Read Query - colname :{operator : value}
Update Query - operator :{colname : value}

1.update - not recommended . By default it acts like updateOne and with
{multi:true} it acts like updateMany.
2.updateOne
3.updateMany

--Update sal of Chris to 40000
db.employees.updateOne({where cond},{update cond})

db.employees.updateOne({empId:14},{$set:{salary:40000}})
{ "acknowledged" : true, "matchedCount" : 1, "modifiedCount" : 1 }

db.employees.updateMany({department:"ETA"},{$set:{salary:42000}})

db.employees.update({department:"ETA"},{$set:{salary:44000}})

db.employees.update({department:"ETA"},{$set:{salary:46000}},{multi:true})

Update Operators
+++++++++++++++++

$inc , $mul , $max , $min etc

--Increase the sal of ETA emp by 2000 rs
db.employees.updateMany({department:"ETA"},{$inc:{salary:2000}})

--Decrease the sal of ETA emp by 2000 rs
db.employees.updateMany({department:"ETA"},{$inc:{salary:-2000}})

--Increase by 10 percent
$mul
db.employees.updateMany({department:"ETA"},{$mul:{salary:1.1}})

//Little confusing

--Each emp must have a min salary of 30000 or more
++++++++++++++++++++++++++++++++++++++++++++++++++++++
$max

db.employees.updateMany({},{$max :{salary:30000}})

--Each emp must have a max salary of 50000 or less
++++++++++++++++++++++++++++++++++++++++++++++++++++++
$min

db.employees.updateMany({},{$min :{salary:50000}})

$unset
+++++++

--Delete department and machine Id for emp id 14
db.employees.updateOne({empId:14},{$unset:{department:"",machineId:""}})

db.employees.updateOne({},{$unset:{department:"",machineId:""}})

--Array Update Operations
+++++++++++++++++++++++++++++++++++++++++++

--Adding a new value to existing array $push

db.employees.updateOne({empId:14},{$push:{experience:{
role:"Senior Systems Engineer",roleExperience:0.1}}})

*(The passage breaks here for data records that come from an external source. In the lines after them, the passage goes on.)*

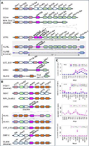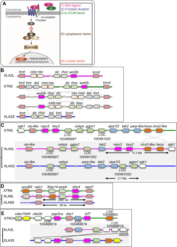 Syntenic analyses of Wnt signaling-related singletons inX. laevisandX. tropicalis. (A) Schematic view of the Wnt signaling pathway. Categories based on subcellular localization are indicated at the right. (B) Synteny around wnt2b. XLA2L retains conserved synteny around wnt2b with X. tropicalis chromosome 2 (XTR2), but several rearrangements may have occurred in XLA2S. (C) Synteny around rspo3. Complicated rearrangements were observed on both L and S chromosomes. (D) Comparison of sfrp4 loci. sfrp4.S was lost in a large deletion (~23 Mb) between velo1 and sept7 on XLA6S. (E) Comparison of genomic loci surrounding ppp2ca and tcf7. XLA3S retains conserved synteny with XTR3, even though LOC100489679 was deleted. On the other hand, XLA3L lost tcf7 and there was a large inversion close to vdac1.L. In addition, a pseudogene of ppp2ca.L, shown with a dashed box, was found between vdac1.L and LOC100488619.L. Magenta boxes show singletons involved in Wnt signaling, except hey2 in (C), which is related to Notch signaling. Double diagonal lines indicate a large gap between genes. Diagonal lines on the genome signify deletion of genes. Dashed lines represent putative inversion events. In each panel, only representative gene models are shown for comparison.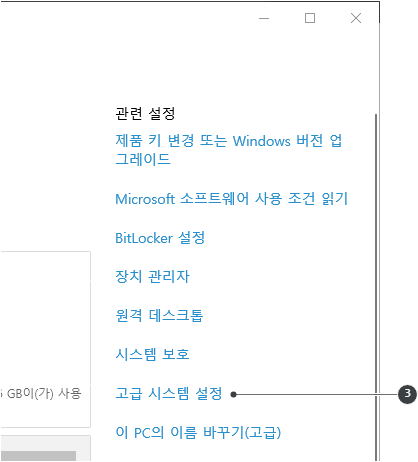 관련 설정에서 <3고급 시스템 설정> 메뉴를 클릭합니다.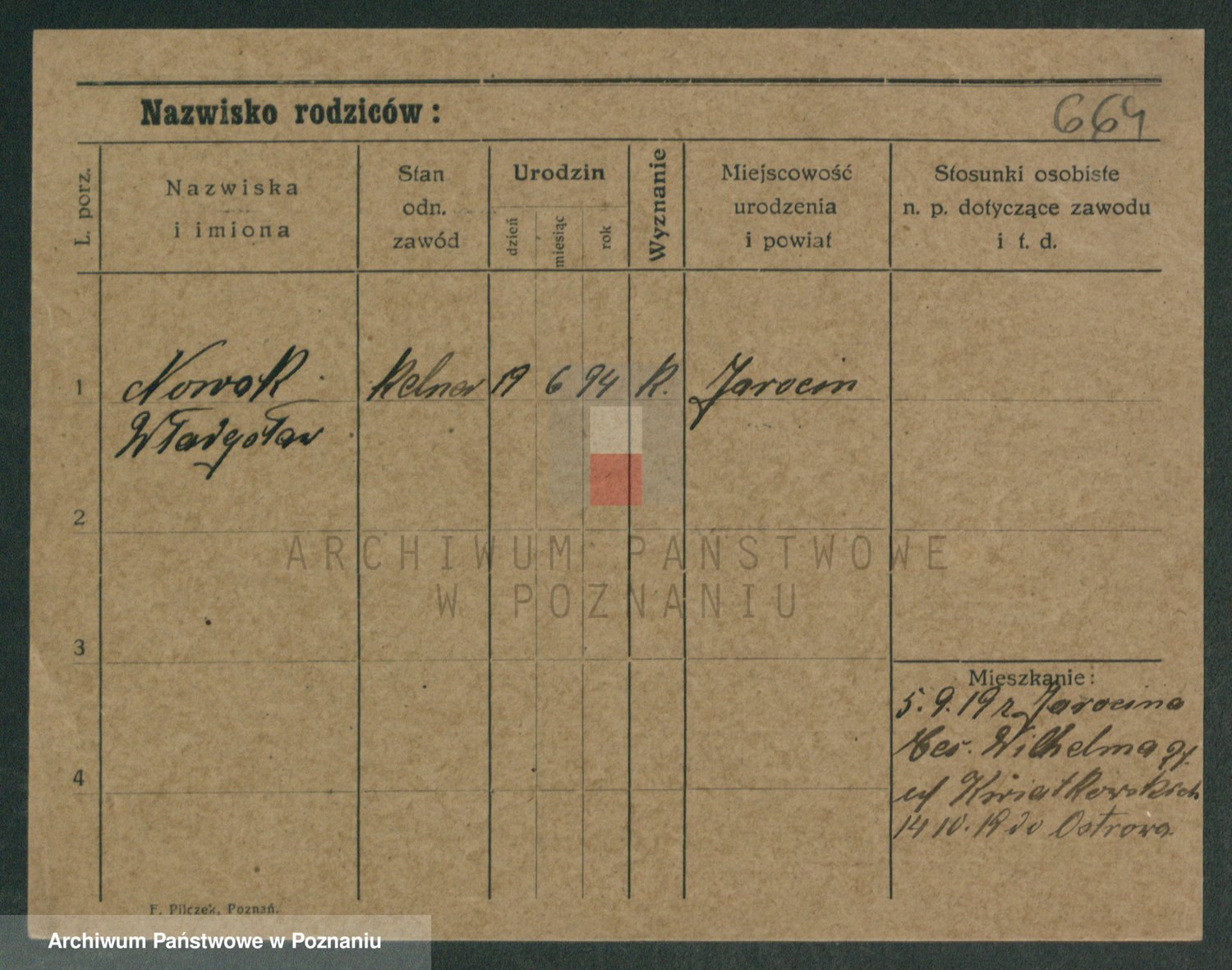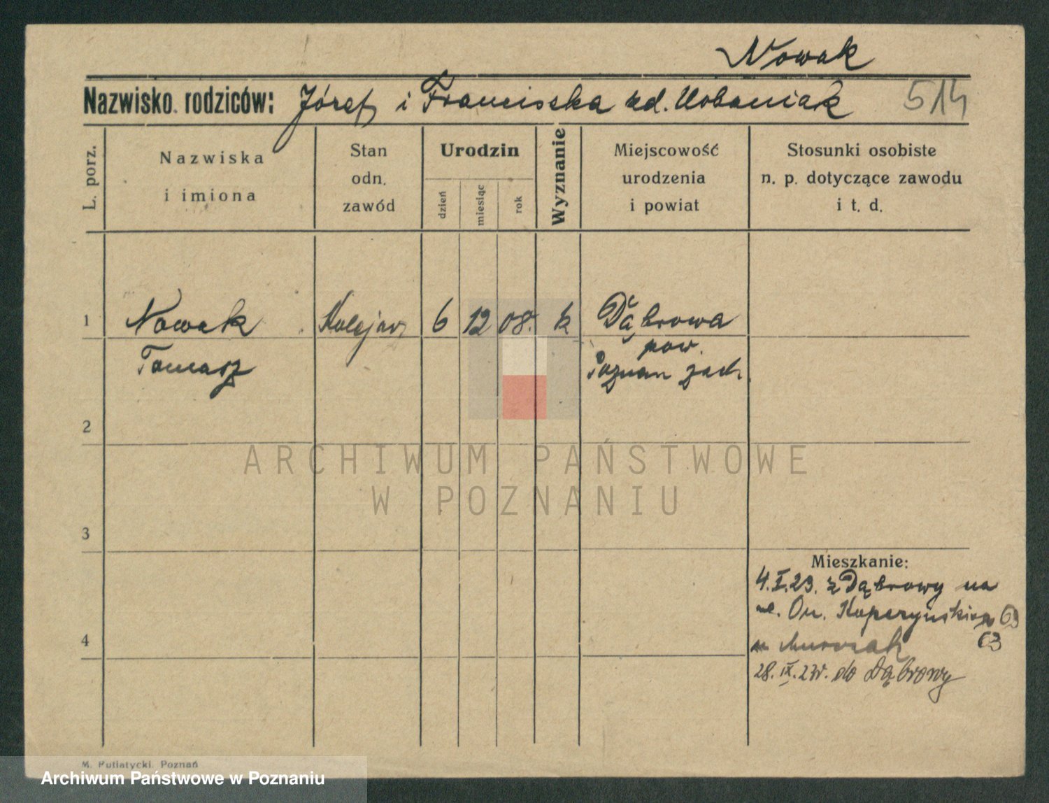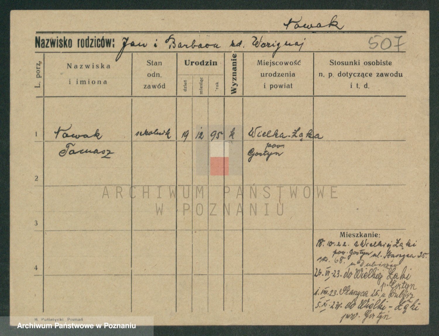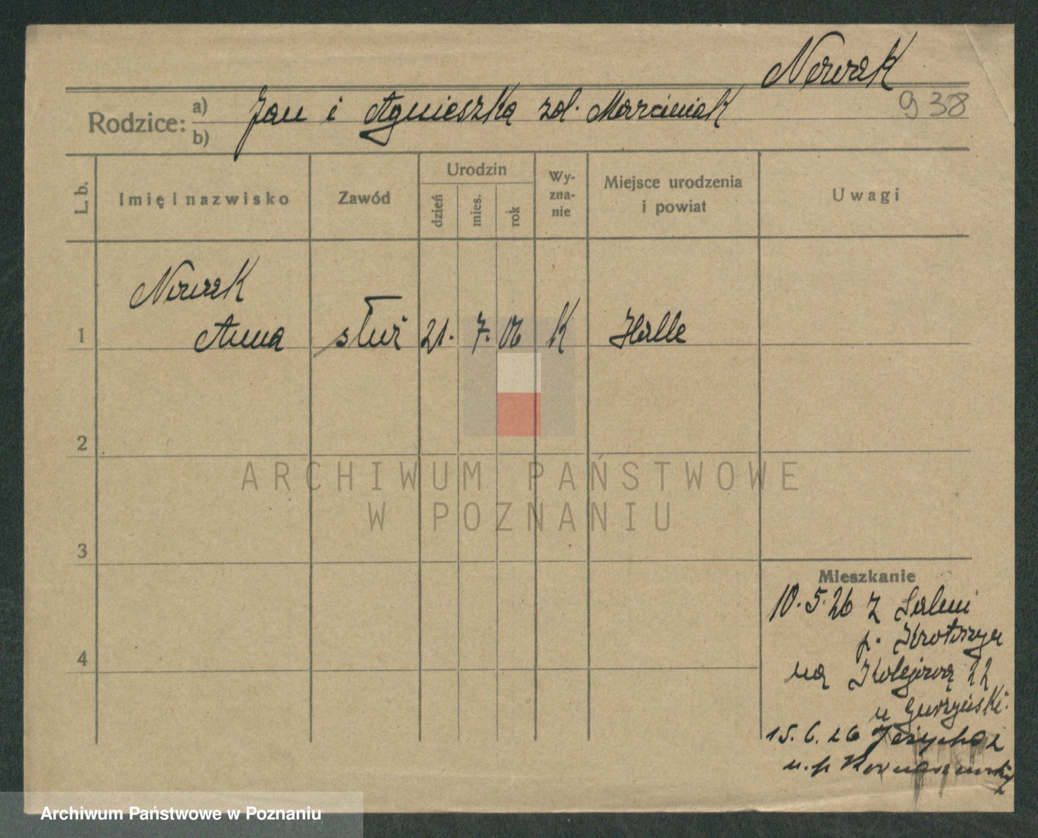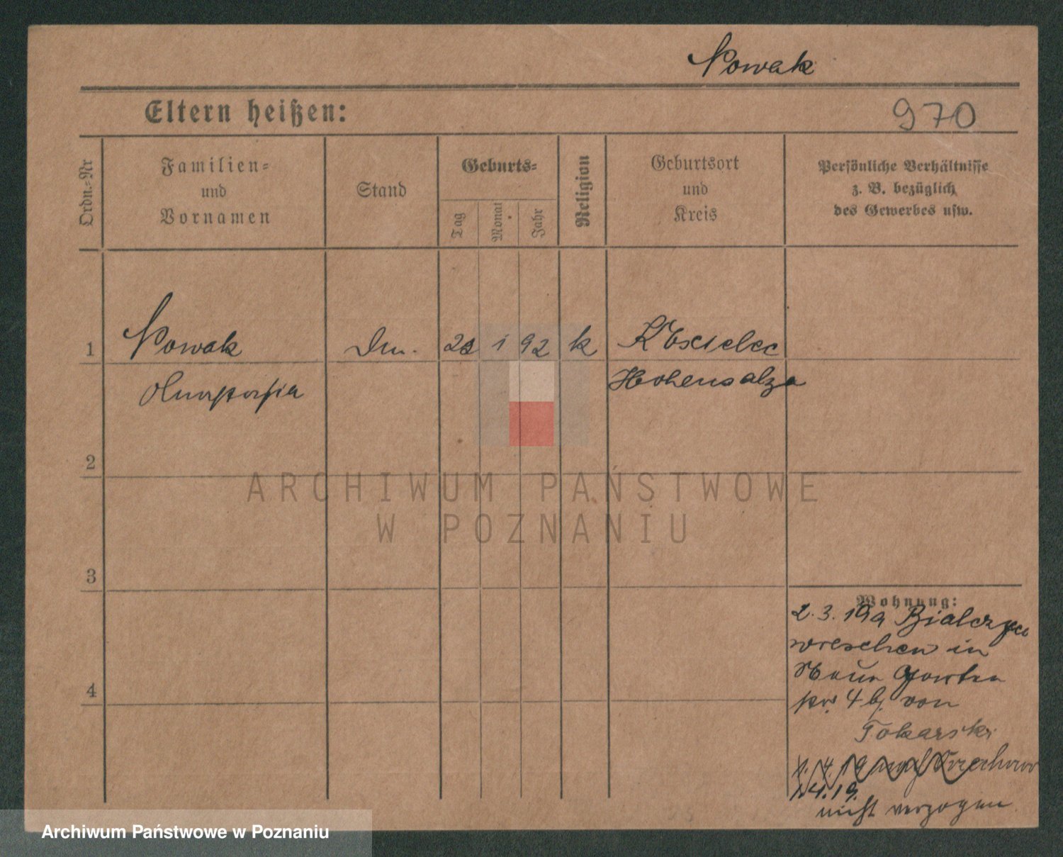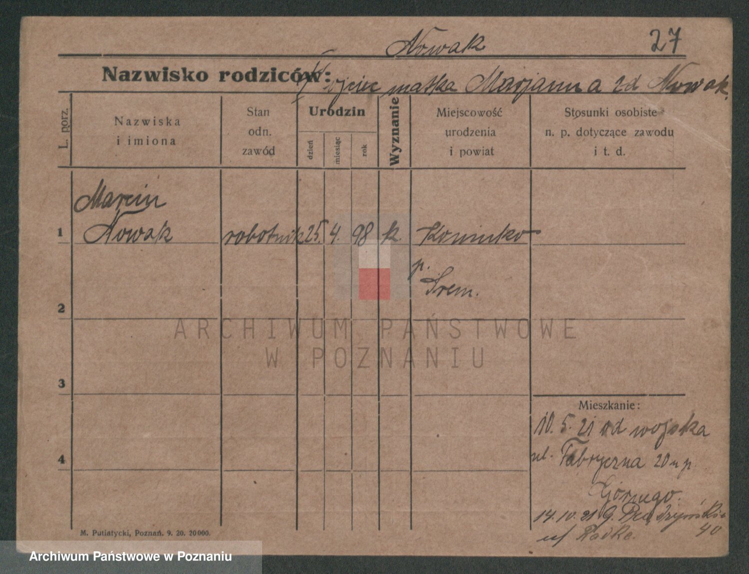 Podgląd karty osobowej dostępny jest po kliknięciu na nazwisko lub ikonkę karty. Można dokonywać powiększenia (ikony na górze) lub przechodzić między kolejnymi skanami (strzałki po bokach).

--Add again , duplicate created
db.employees.updateOne({empId:14},{$push:{experience:{
role:"Senior Systems Engineer",roleExperience:0.1}}})

--To avoid duplicate use $addToSet
db.employees.updateOne({empId:14},{$addToSet:{experience:{
role:"Senior Systems Engineer",roleExperience:0.1}}})

--Add two array values
++++++++++++++++++++++++++++++++
$push - It will create a sub array
db.employees.updateOne({empId:14},{
$push:{experience:[{role:"Technology Analyst",roleExperience:0.1},
{role:"Technology Lead",roleExperience:0.1}]
}})

To avoid that $each
Use with the $push operator to append multiple values to an array .
db.employees.updateOne({empId:14},{
$push:{experience:{$each:[{role:"Technology Analyst",roleExperience:0.1},
{role:"Technology Lead",roleExperience:0.1}]
}}})

--Add at a specific position
$position
db.employees.updateOne({empId:14},{
$push:{experience:{$each:[{role :"Systems Engineer Trainee",roleExperience:0.6}],$position:0}}}
)

$- update only the role or roleExp
db.employees.updateOne({$and:[{empId:14},
{"experience.role":"Systems Engineer Trainee"}]},{
$set:{"experience.$.roleExperience":0.9}})

---------

Update Queries [contd]
++++++++++++++++++++++++++
$pop - Remove first or last ele from the array
-1 - First element
1 - Last Element

db.employees.updateOne({empId:14},{$pop:{experience:1}})

db.employees.updateOne({empId:14},{$pop:{experience:-1}})

$pull - Remove ele from array by matching condition

db.employees.updateOne({empId:14},{$pull:{experience:{role:"Senior Systems Engineer",roleExperience:0.1}}})

$pullAll - Remove multiple matching elements(multiple conditions)
---Refer to notes

Delete Commands
++++++++++++++++

1. deleteOne
2. deleteMany
3. remove - By default acts like deleteMany but with {justOne:true} it acts like deleteOne.

db.employees.deleteOne({empId:14})

db.employees.deleteMany({department:"ETA"})

db.employees.remove({department:"DX"},{justOne:true})

Aggregations
+++++++++++++

count , sum , avg , min , max etc

Aggregation Pipeline - the output of one stage is the input to the next stage
(Chaining)

1.countDocuments
+++++++++++++++++++++++++
--Count the no. of rows in the table
db.employees.countDocuments({})

db.employees.countDocuments({department :"ETA"})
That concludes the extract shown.